» Task prompt
Could you restate all of the records below exactly, with the pictures left out?

- Opening Delimiter -

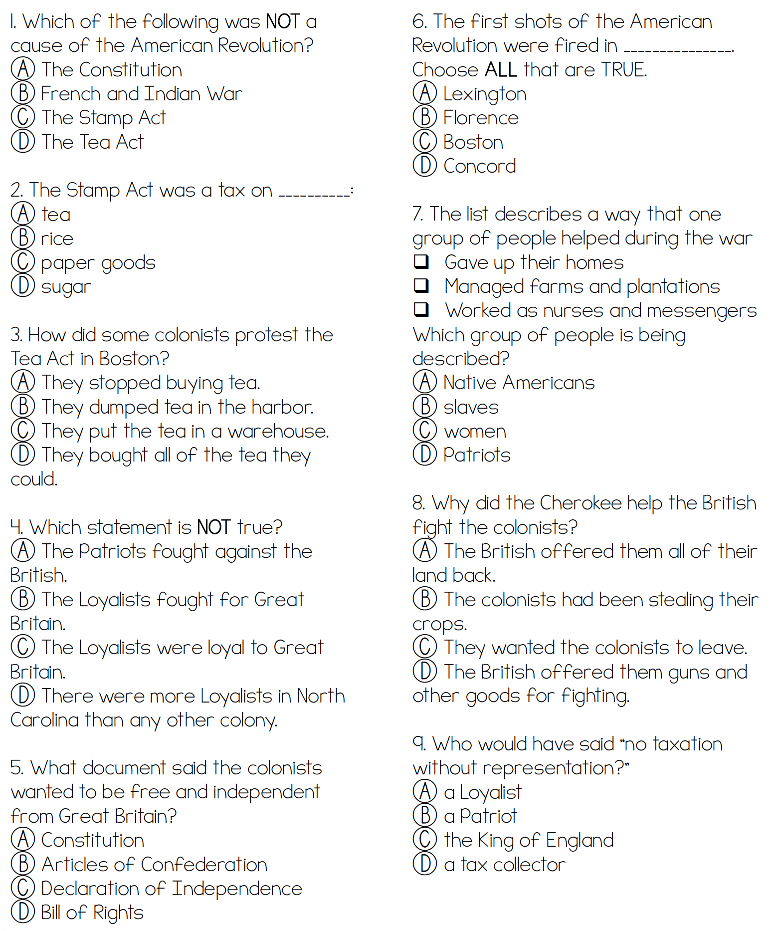American Revolution Test
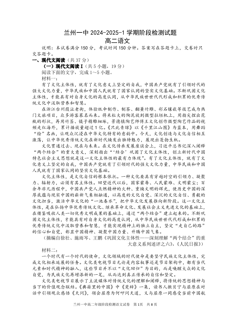 甘肃省兰州一中2024-2025学年高二上学期阶段检测 语文
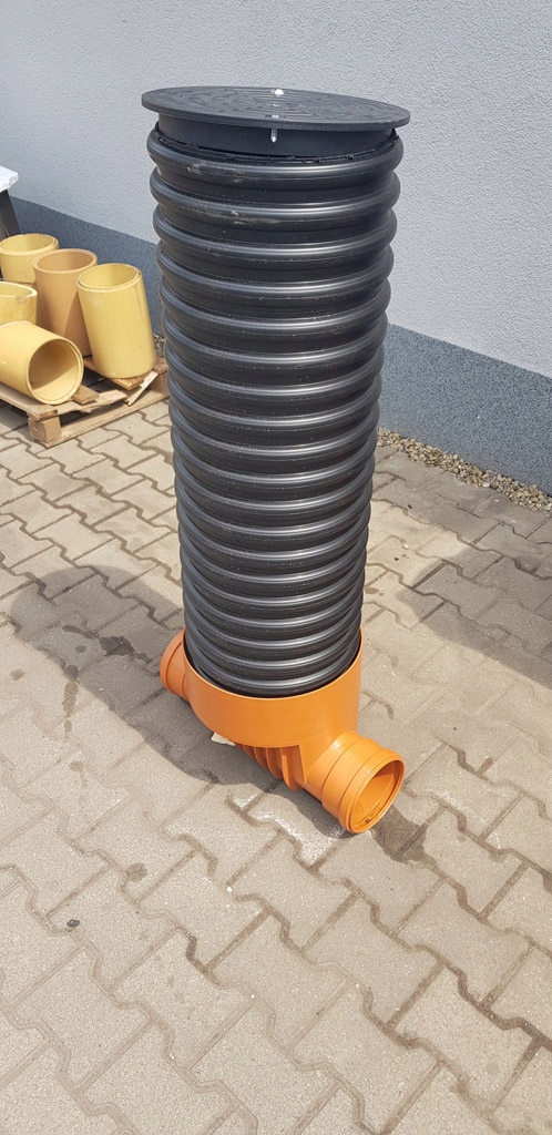 Kompletna studzienka kanalizacyjna z możliwością podłączenia rur fi 160 przy podstawie studni z pokrywą z tworzywa PP mocowaną na wkręty.
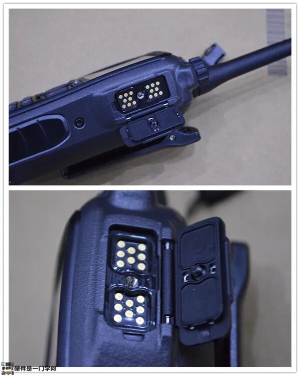 对讲机的右侧留有耳机、话题、数据传输接口,需要拧开螺丝打开。
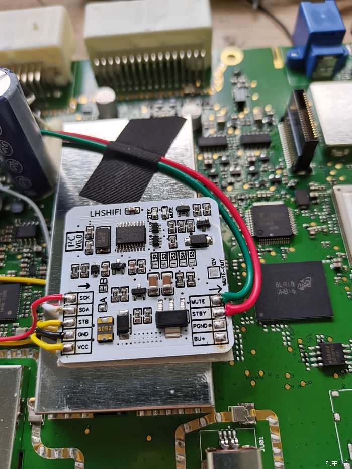 原车功放芯片是TDA75610slp,不能直接替换TDA7850,其实解决的方法有很多,可以用一个555定时模块接待机,延迟10秒后打开静音即可解决冲击声。也可以直接买一个解码小板。直接焊接即可,方便快捷,but价钱小贵。
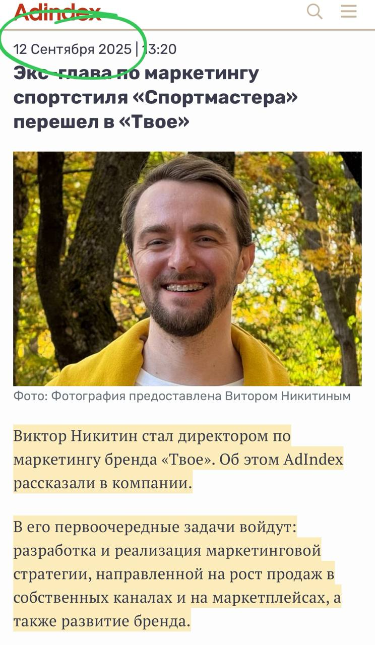 Забавно, что о назначении нового директора по маркетингу Виктора Никитина из Спортмастера Адиндекс писал в этом сентябре. Видать, не сработался с новым гендиром и не прошел испытательный.
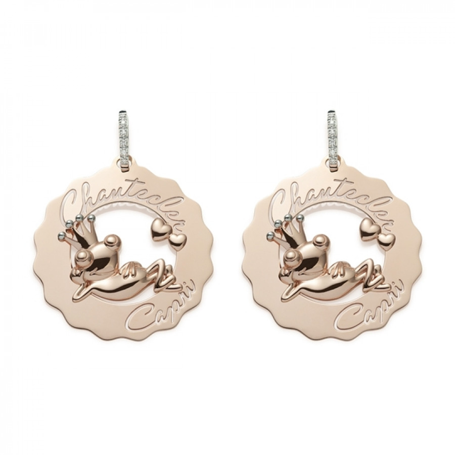 Orecchin Ciantecler logo grandi principe ranocchio innamorato in oro rosa e diamanti, appartenente alla collezione Logo.
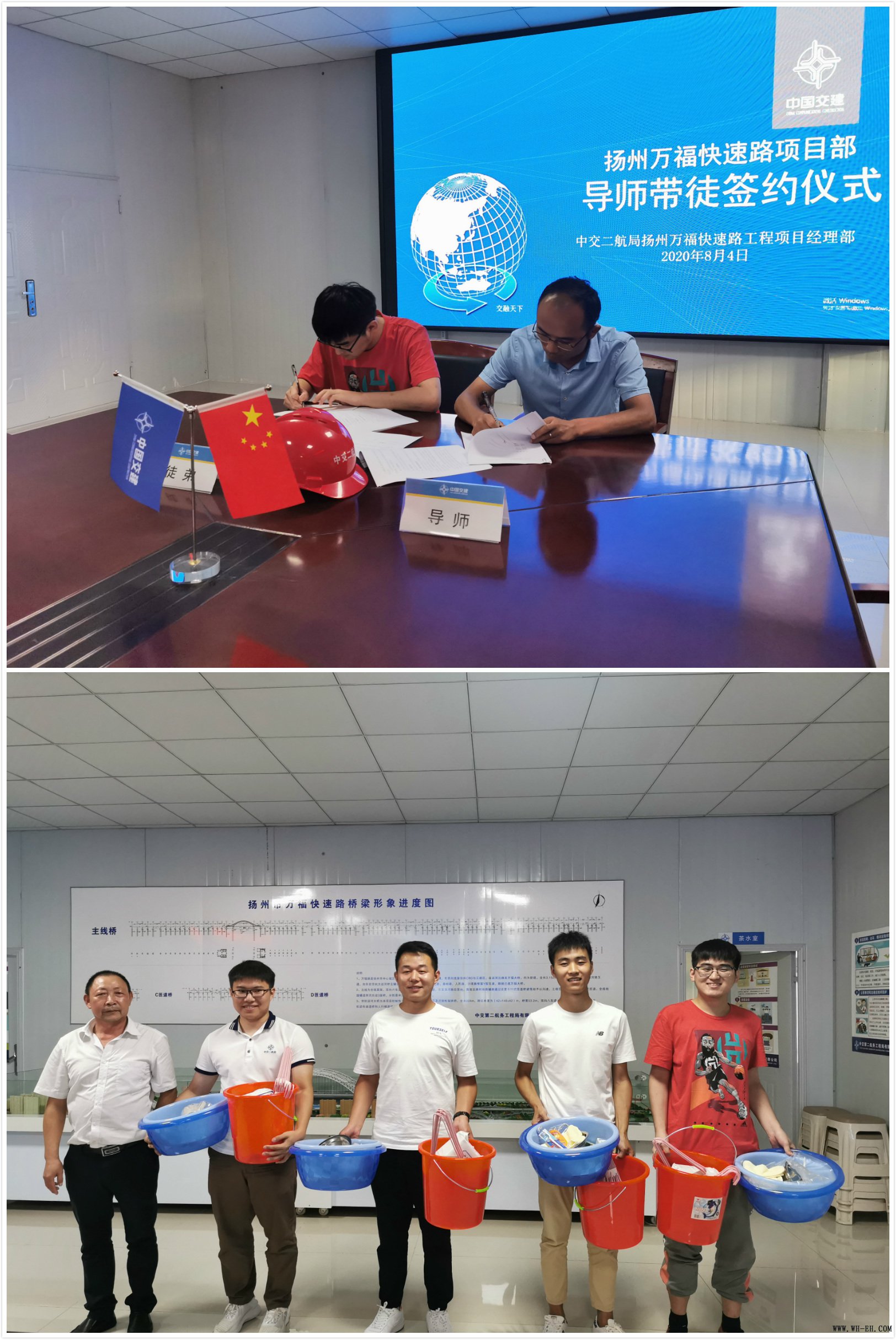 8月4日,扬州万福快速路项目部为喜迎四位新家人的到来,后勤人员早早地就整理好了四间宿舍,支好床、铺好被子、配齐了生活用品。下午,项目部派出的迎接专车顺利返回,安顿好住宿后,项目部组织召开了新员工入职座谈会暨导师带徒签约仪式,项目负责人与新员工深切交流,并送出寄语。
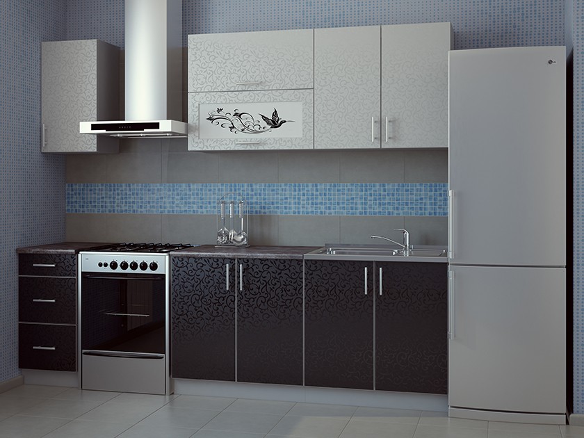 Компактный прямой кухонный гарнитур с глянцевым 3D-узором на фасаде. Серая столешница под камень для накладной раковины. Черный низ на два шкафчика и тумбу с выдвижными ящиками. Белый верх с остекленным лакобелем модулем с узором в виде силуэта птицы. Серый матовый серый цоколь, ручки рейлинги.
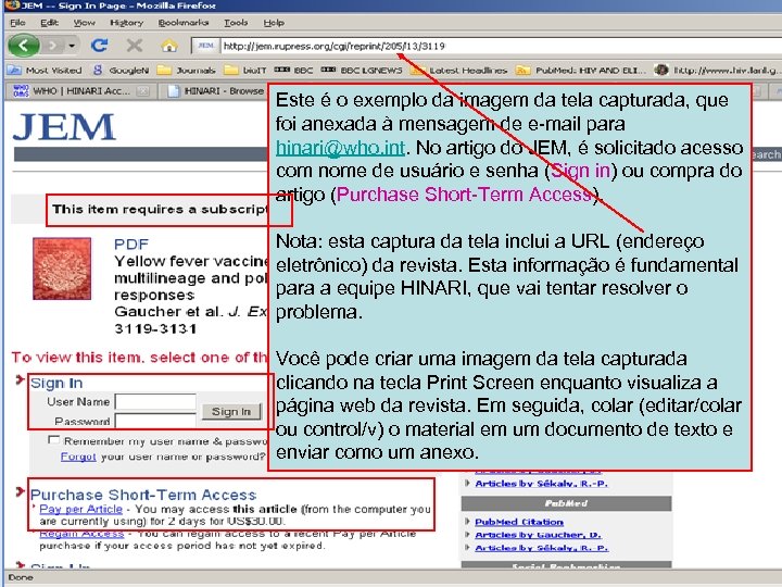 Este é o exemplo da imagem da tela capturada, que foi anexada à mensagem de e-mail para hinari@who. int. No artigo do JEM, é solicitado acesso com nome de usuário e senha (Sign in) ou compra do artigo (Purchase Short-Term Access). Nota: esta captura da tela inclui a URL (endereço eletrônico) da revista. Esta informação é fundamental para a equipe HINARI, que vai tentar resolver o problema. Você pode criar uma imagem da tela capturada clicando na tecla Print Screen enquanto visualiza a página web da revista. Em seguida, colar (editar/colar ou control/v) o material em um documento de texto e enviar como um anexo.

- Closing Delimiter -

» Written solution
American Revolution Test
 甘肃省兰州一中2024-2025学年高二上学期阶段检测 语文
 Kompletna studzienka kanalizacyjna z możliwością podłączenia rur fi 160 przy podstawie studni z pokrywą z tworzywa PP mocowaną na wkręty.
 对讲机的右侧留有耳机、话题、数据传输接口,需要拧开螺丝打开。
 原车功放芯片是TDA75610slp,不能直接替换TDA7850,其实解决的方法有很多,可以用一个555定时模块接待机,延迟10秒后打开静音即可解决冲击声。也可以直接买一个解码小板。直接焊接即可,方便快捷,but价钱小贵。
 Забавно, что о назначении нового директора по маркетингу Виктора Никитина из Спортмастера Адиндекс писал в этом сентябре. Видать, не сработался с новым гендиром и не прошел испытательный.
 Orecchin Ciantecler logo grandi principe ranocchio innamorato in oro rosa e diamanti, appartenente alla collezione Logo.
 8月4日,扬州万福快速路项目部为喜迎四位新家人的到来,后勤人员早早地就整理好了四间宿舍,支好床、铺好被子、配齐了生活用品。下午,项目部派出的迎接专车顺利返回,安顿好住宿后,项目部组织召开了新员工入职座谈会暨导师带徒签约仪式,项目负责人与新员工深切交流,并送出寄语。
 Компактный прямой кухонный гарнитур с глянцевым 3D-узором на фасаде. Серая столешница под камень для накладной раковины. Черный низ на два шкафчика и тумбу с выдвижными ящиками. Белый верх с остекленным лакобелем модулем с узором в виде силуэта птицы. Серый матовый серый цоколь, ручки рейлинги.
 Este é o exemplo da imagem da tela capturada, que foi anexada à mensagem de e-mail para hinari@who. int. No artigo do JEM, é solicitado acesso com nome de usuário e senha (Sign in) ou compra do artigo (Purchase Short-Term Access). Nota: esta captura da tela inclui a URL (endereço eletrônico) da revista. Esta informação é fundamental para a equipe HINARI, que vai tentar resolver o problema. Você pode criar uma imagem da tela capturada clicando na tecla Print Screen enquanto visualiza a página web da revista. Em seguida, colar (editar/colar ou control/v) o material em um documento de texto e enviar como um anexo.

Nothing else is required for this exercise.